_ABOUT THIS EXERCISE_
Repeat verbatim what the listing holds, but not its pictures.
┌─ EXERCISE DATA
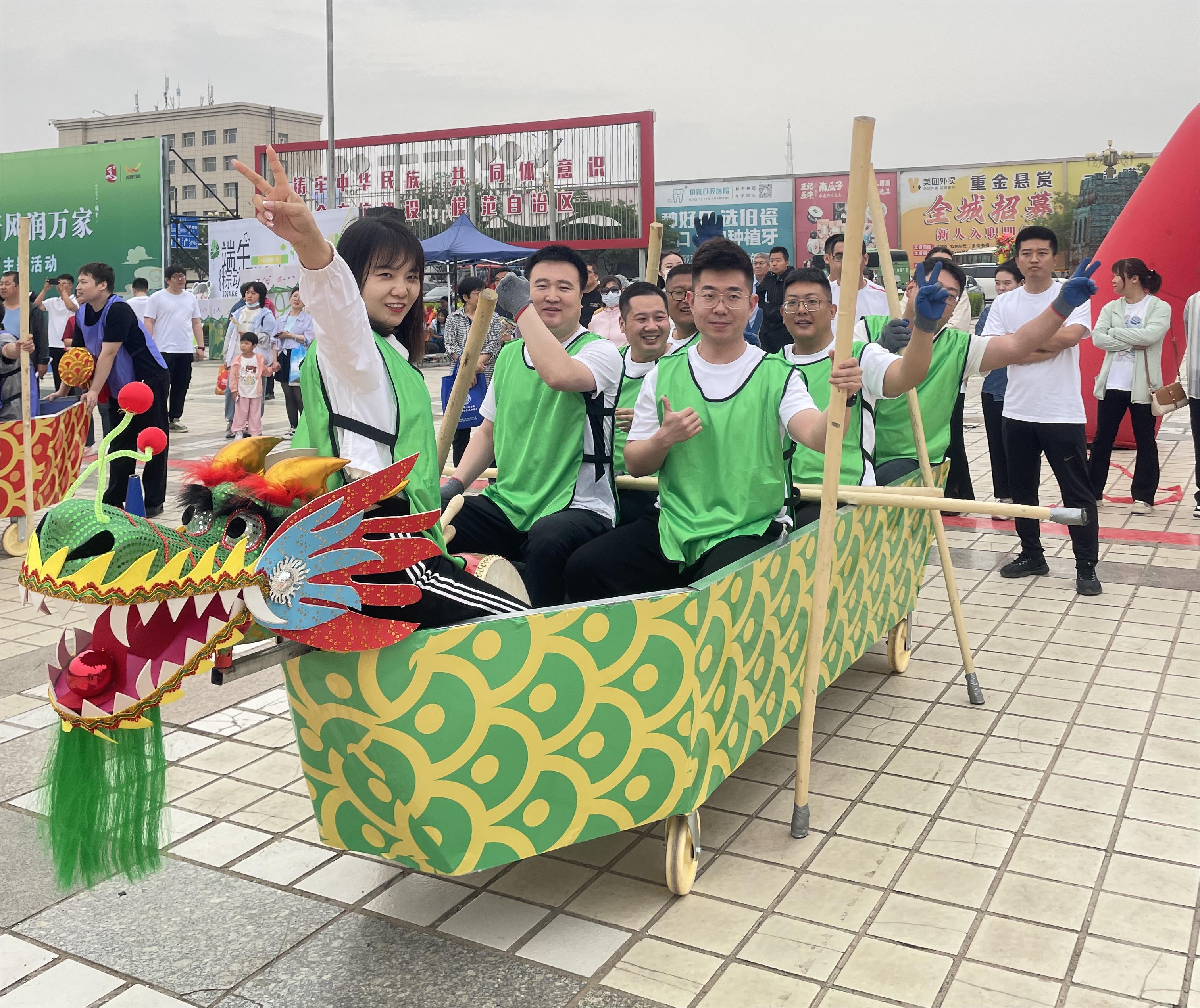 團(tuán)隊(duì)協(xié)作接力“旱地”賽龍舟是一種非常有趣且富有挑戰(zhàn)性團(tuán)隊(duì)活動(dòng),結(jié)合了賽龍舟的競(jìng)技元素和接力賽的合作精神。作為北方人,隊(duì)員們第一次參加賽龍舟這種端午節(jié)最具代表性的傳統(tǒng)活動(dòng),既新奇又激動(dòng)。比賽過(guò)程中,在充滿激情的號(hào)子聲中,隊(duì)員們奮勇拼搏、團(tuán)結(jié)協(xié)作,于20支隊(duì)伍中脫穎而出,取得第二名的好成績(jī)。
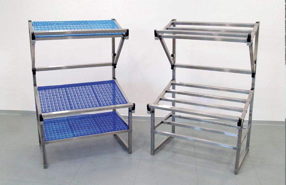 bancarella per l’esposizione della frutta, molto funzionale grazie ai tre livelli di piani in grado di supportare cassette e contenitori di diversa dimensione e allo stesso tempo esteticamente gradevole. ----------------------------- stainless steel stand with three display levels, featuring modern lines and a captivating design. the display levels can be supplied with slatted stainless steel profiles or with plastic shelves. all components are compatible for use within the food sector
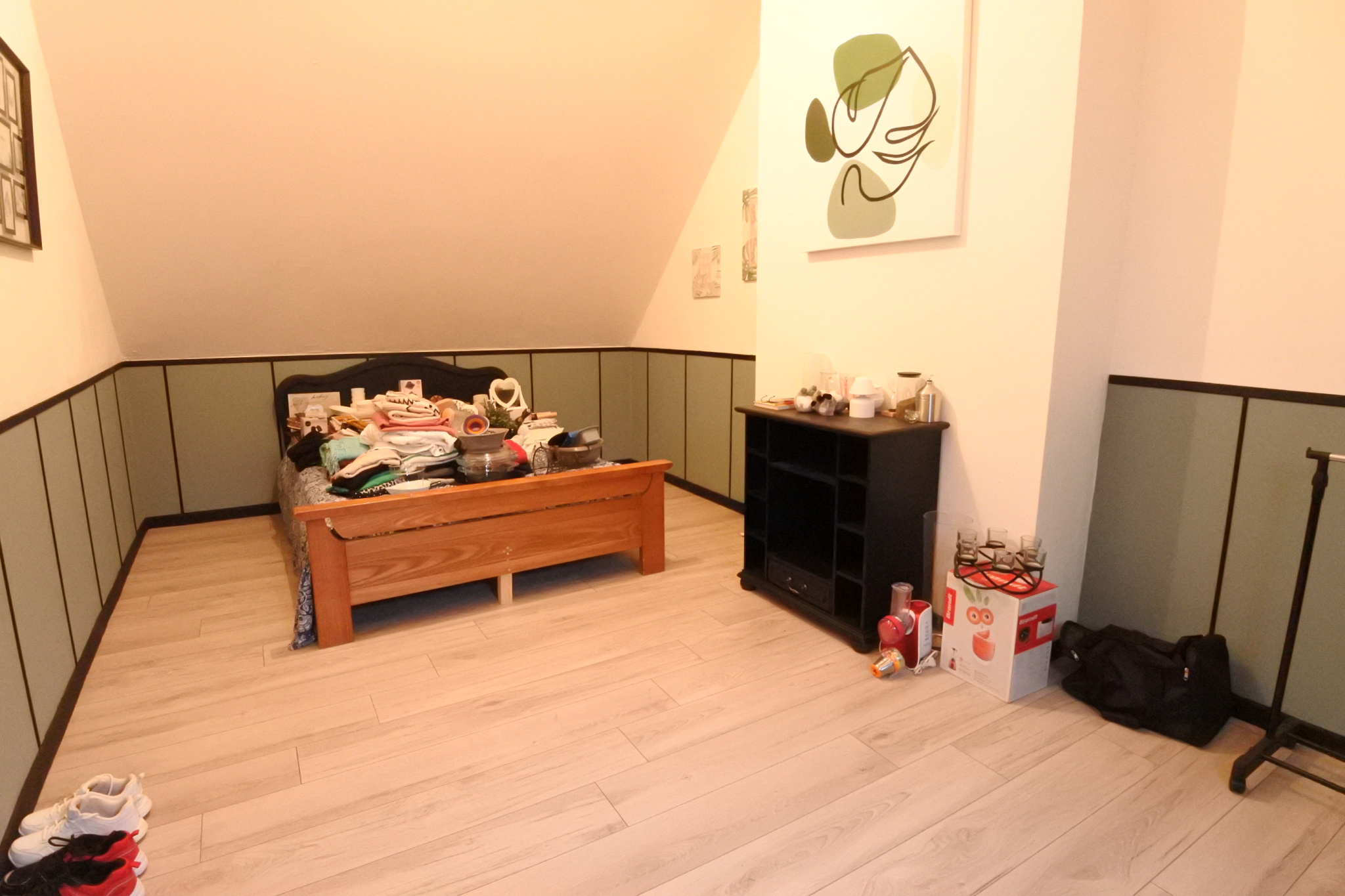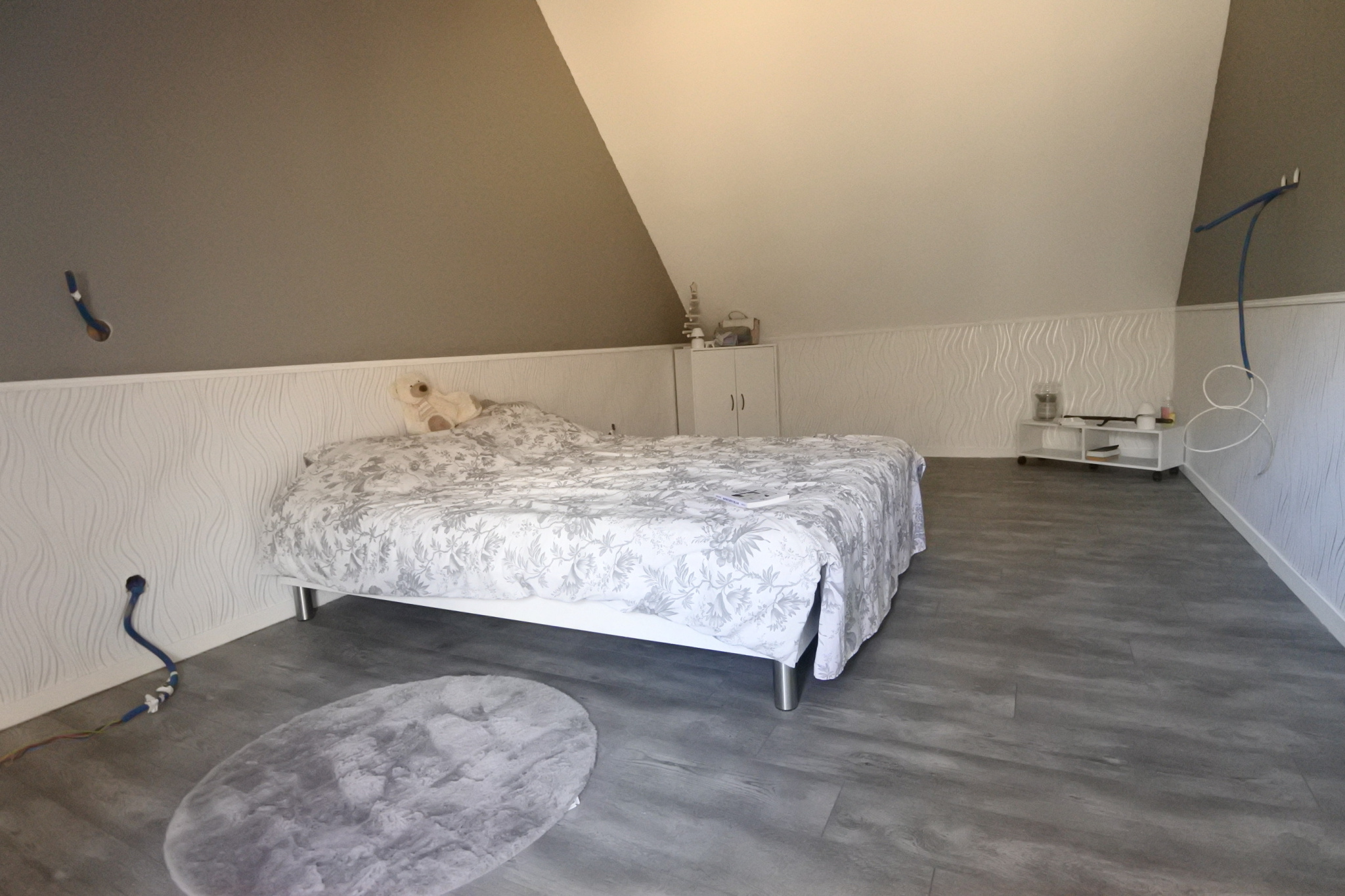A l'étage : plier desservant deux grandes chambres ( 17 et 18 m2) e une troisième de 11 m2.
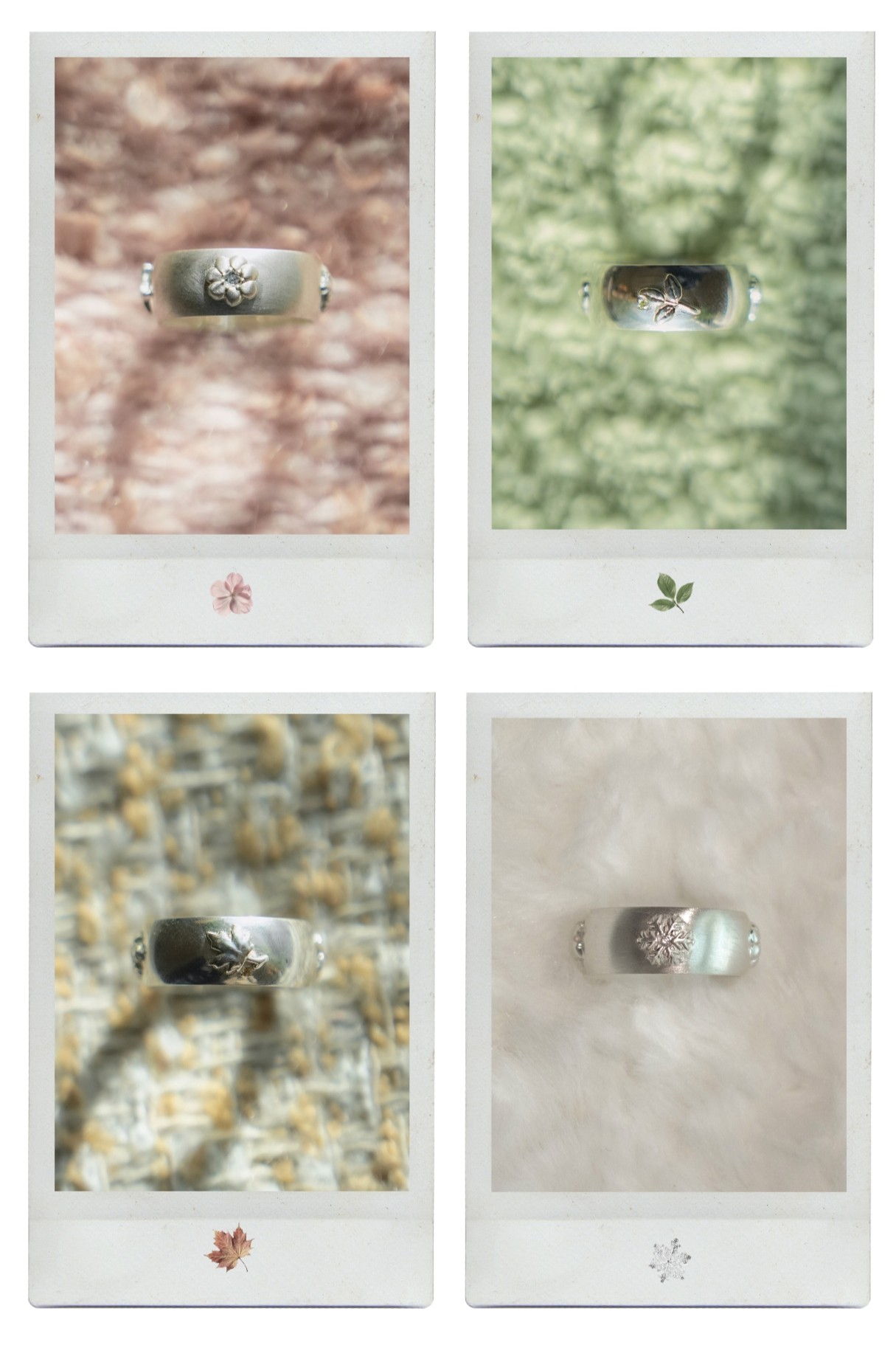 꽃, 나뭇잎, 단풍잎, 눈꽃이 담겨 있습니다.
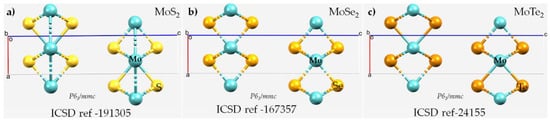 The unit-cells of (a) 2H-MoS2, (b) 2H-MoSe2 and (c) 2H-MoTe2. The Inorganic Crystal Structure Database reference codes (ICSD ref) and the space group are shown for each case. Table 1 summarizes the details of the lattice properties.
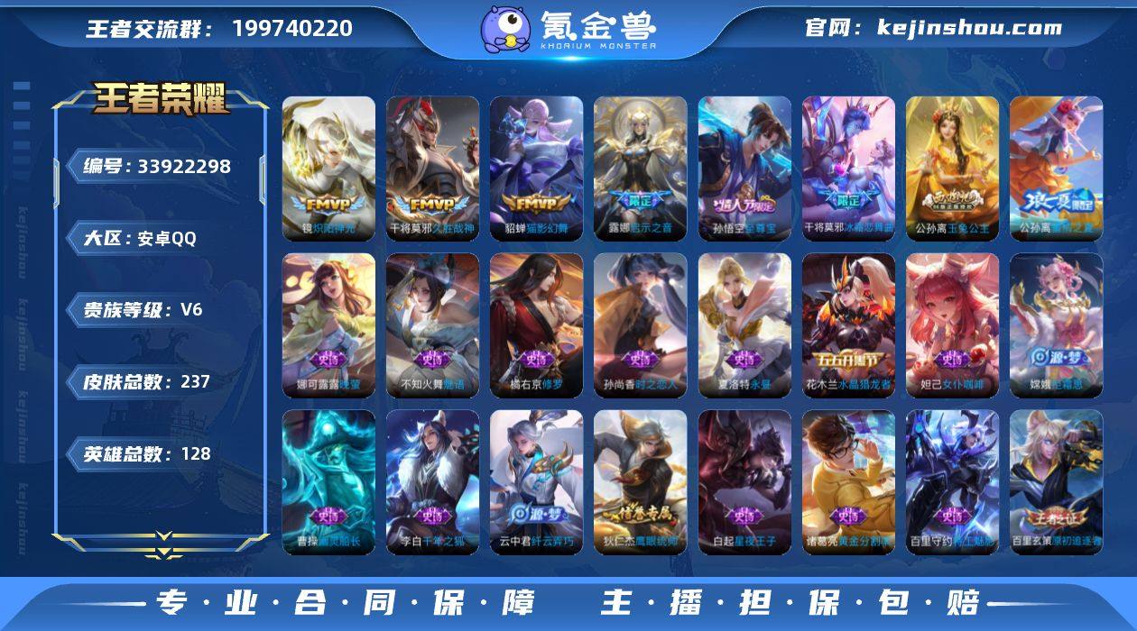 英雄 237皮肤 可二次 可修改实名 男号 【英雄全皮】敖隐全皮,孙权全皮,蚩奼全皮,大禹全皮 【稀有英雄】敖隐(小龙人),大司命,韩信(韩跳跳),夏洛特(夏师傅),艾琳,橘右京(橘子),娜可露露(鸟人),不知火舞,赵云,金蝉(唐僧),戈娅 【传说皮】神树通天,末日机甲-孙尚香(绿蚂蚱),久胜战神,猫影幻舞,炽阳神光 【珍宝阁皮】妄想食味,胡桃夹子,万物之道,女武神 【赛季/战令皮】噬灭天穹(s37),古海寻踪(s33),海盐诗旅(s30),擒涛扼浪(s31),探海日志(s32),顽趣-梦奇,天穹祈灯(s34),天穹之誓(s36),御銮(s16),朔风刀(s17),混沌棋(s18),疑决卦(s19),醍醐杖(s20),原初探秘者(s21),万华元夜(s22),演武夺筹(s23),驱傩正仪(s24),千军破阵(s25),西部大镖客-猪八戒,暗影游猎(游乐娃子),云间偶戏,火炮绅士,沙漠行僧(s26),幻夜卜梦,金庭之子(s27),大漠名商(s28),云中旅人(s29) 【史诗皮】线条小狗-周瑜,九幽镇关,万灵启世,涂山容容,百相守梦-黄忠,紫霞仙子,黄金分割率,特工魅影,千年之狐,永昼,江河有灵,蒙恬荣光圣徽,魅语,冰冠公主,晚萤,猫狗日记-孙策,时之恋人-孙尚香,乱世虎臣,修罗,女仆咖啡,水果甜心,天才门将,星夜王子,时之奇旅-安琪拉,功夫厨神,德古拉伯爵,暗隐猎兽者,幽灵船长,鬼剑武藏,舞动绿茵,...
└─
_EXERCISE RESULT_
 團(tuán)隊(duì)協(xié)作接力“旱地”賽龍舟是一種非常有趣且富有挑戰(zhàn)性團(tuán)隊(duì)活動(dòng),結(jié)合了賽龍舟的競(jìng)技元素和接力賽的合作精神。作為北方人,隊(duì)員們第一次參加賽龍舟這種端午節(jié)最具代表性的傳統(tǒng)活動(dòng),既新奇又激動(dòng)。比賽過(guò)程中,在充滿激情的號(hào)子聲中,隊(duì)員們奮勇拼搏、團(tuán)結(jié)協(xié)作,于20支隊(duì)伍中脫穎而出,取得第二名的好成績(jī)。
 bancarella per l’esposizione della frutta, molto funzionale grazie ai tre livelli di piani in grado di supportare cassette e contenitori di diversa dimensione e allo stesso tempo esteticamente gradevole. ----------------------------- stainless steel stand with three display levels, featuring modern lines and a captivating design. the display levels can be supplied with slatted stainless steel profiles or with plastic shelves. all components are compatible for use within the food sector
A l'étage : plier desservant deux grandes chambres ( 17 et 18 m2) e une troisième de 11 m2.
 꽃, 나뭇잎, 단풍잎, 눈꽃이 담겨 있습니다.
 The unit-cells of (a) 2H-MoS2, (b) 2H-MoSe2 and (c) 2H-MoTe2. The Inorganic Crystal Structure Database reference codes (ICSD ref) and the space group are shown for each case. Table 1 summarizes the details of the lattice properties.
 英雄 237皮肤 可二次 可修改实名 男号 【英雄全皮】敖隐全皮,孙权全皮,蚩奼全皮,大禹全皮 【稀有英雄】敖隐(小龙人),大司命,韩信(韩跳跳),夏洛特(夏师傅),艾琳,橘右京(橘子),娜可露露(鸟人),不知火舞,赵云,金蝉(唐僧),戈娅 【传说皮】神树通天,末日机甲-孙尚香(绿蚂蚱),久胜战神,猫影幻舞,炽阳神光 【珍宝阁皮】妄想食味,胡桃夹子,万物之道,女武神 【赛季/战令皮】噬灭天穹(s37),古海寻踪(s33),海盐诗旅(s30),擒涛扼浪(s31),探海日志(s32),顽趣-梦奇,天穹祈灯(s34),天穹之誓(s36),御銮(s16),朔风刀(s17),混沌棋(s18),疑决卦(s19),醍醐杖(s20),原初探秘者(s21),万华元夜(s22),演武夺筹(s23),驱傩正仪(s24),千军破阵(s25),西部大镖客-猪八戒,暗影游猎(游乐娃子),云间偶戏,火炮绅士,沙漠行僧(s26),幻夜卜梦,金庭之子(s27),大漠名商(s28),云中旅人(s29) 【史诗皮】线条小狗-周瑜,九幽镇关,万灵启世,涂山容容,百相守梦-黄忠,紫霞仙子,黄金分割率,特工魅影,千年之狐,永昼,江河有灵,蒙恬荣光圣徽,魅语,冰冠公主,晚萤,猫狗日记-孙策,时之恋人-孙尚香,乱世虎臣,修罗,女仆咖啡,水果甜心,天才门将,星夜王子,时之奇旅-安琪拉,功夫厨神,德古拉伯爵,暗隐猎兽者,幽灵船长,鬼剑武藏,舞动绿茵,...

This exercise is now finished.